Allow me to begin by saying that sinful man has and does attempt to use God’s Holy Word to justify some actions that are absolutely contradicted by the same. We (mankind in general) can slice out little slivers of scripture and attempt to use them to justify our ends or means, especially when we believe it’s all about us. Here’s the shocker for some people: it’s not all about you. It is, however, all about Jesus Christ and his plan for each of us. The beauty is that He allows us to choose what we will do. The problem is that often we don’t like dealing with the consequences of our decisions, whatever they may be.
Anyone who has known me, talked to me or read my articles, Facebook posts or similarly understands me and my position, should know that first, last and always I attempt to take a firm stand on the Bible. With this thought in mind, it is imperative that all of the Bible be considered when formulating doctrine. There are historical accounts as well as direct teaching that address the issue of self-defense in scripture. These are found in both the Old and New Testaments, with many, many further examples in secular history.
There are some arguments that I’ve heard over the years against the idea of self-defense, using scripture to attempt to support the position. In the first article of this series I mentioned briefly nonresistance and pacifism, which are similar in some respects, though ultimately not the same. While the primary thrust of my series and my overall conviction is not about these two concepts, I believe that a mention of them and some of the scriptures I’ve heard used to support them may lead to a better biblical understanding of self-defense.
Let me begin by explaining, that rarely, if ever have I heard anyone attempt to use the Bible to justify pacifism. I mention it simply because some people confuse this ideology with the unbiblical doctrine of non-resistance. A quick internet search returns, “Pacifism: the belief that any violence, including war, is unjustifiable under any circumstances, and that all disputes should be settled by peaceful means.” Most pacifists, not only do not believe in violence, but they actively advocate for and often work feverishly to promote non-violence, including self-defense, at any cost. Again, an internet search returns the following: “Nonresistance:
“Ye have heard that it hath been said, An eye for an eye, and a tooth for a tooth: But I say unto you, That ye resist not evil: but whosoever shall smite thee on thy right cheek, turn to him the other also. And if any man will sue thee at the law, and take away thy coat, let him have thy cloke also. And whosoever shall compel thee to go a mile, go with him twain. Give to him that asketh thee, and from him that would borrow of thee turn not thou away.” Matthew 5:38-42, KJV. This is the premier passage that I have heard/read on the idea of nonresistance. Indeed, the phrase, “resist not evil,” is likely the primary catchphrase used to promote the doctrine.
This passage is found in Jesus’ “Sermon on the Mount,” in Matthew chapters 5-7. In context, this passage is discussing personal insult, not personal injury, violence and self-defense. It is also about the concept of allowing God to mete to persons the judgement due for their actions against us. We are not to take revenge, but leave that up to the true and righteous Judge of the Universe.

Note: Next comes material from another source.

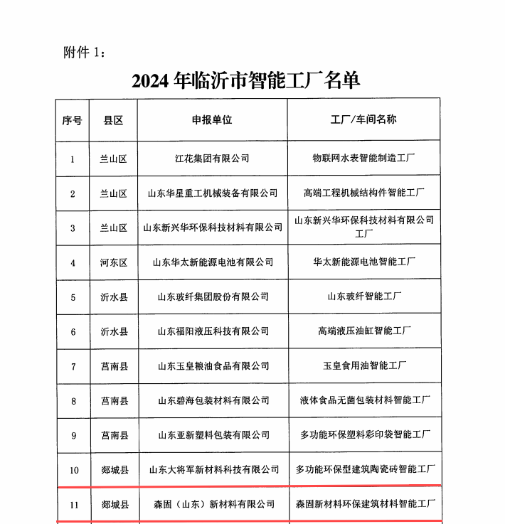 3月12日,临沂市工业和信息化局发布了《关于公布2024年度临沂市智能工厂和数字化车间名单的通知》,我县山东大将军新材料有限公司、森固新材料(山东)有限公司2家企业成功申报市级智能工厂,山东合创新材料有限公司、万华禾香板业(临沂)有限公司、山东建荣教学设备有限公司、山东三佳聚合高分子材料有限公司4家企业成功申报市级数字化车间。

If we compare scripture with scripture, utilizing ALL of God’s word, the concept that this passage instructs us to not use whatever means necessary, including “violent” means to defend ourselves cannot be supported. There are indeed instructions in the Bible that show us that men and women used weapons of war and other means to defend themselves against those who intended great bodily harm and death, had they not resisted and overcome them.
Another passage, taken even more out of context is Luke 3:14. Before I quote the text of this verse, I urge you to please take the time to turn to Luke 3, begin reading at verse 1 and see what John the Baptist, the speaker here is saying to his audience. Here is the verse wrongly used to advocate nonresistance: “And the soldiers likewise demanded of him, saying, And what shall we do? And he said unto them, Do violence to no man, neither accuse any falsely; and be content with your wages. Luke 3:14, KJV. Again, the particular phrase used, “do violence to no man,” is taken completely out of proper context. Here is a prime example of the necessity to go to a good concordance and see what the text said in the original language.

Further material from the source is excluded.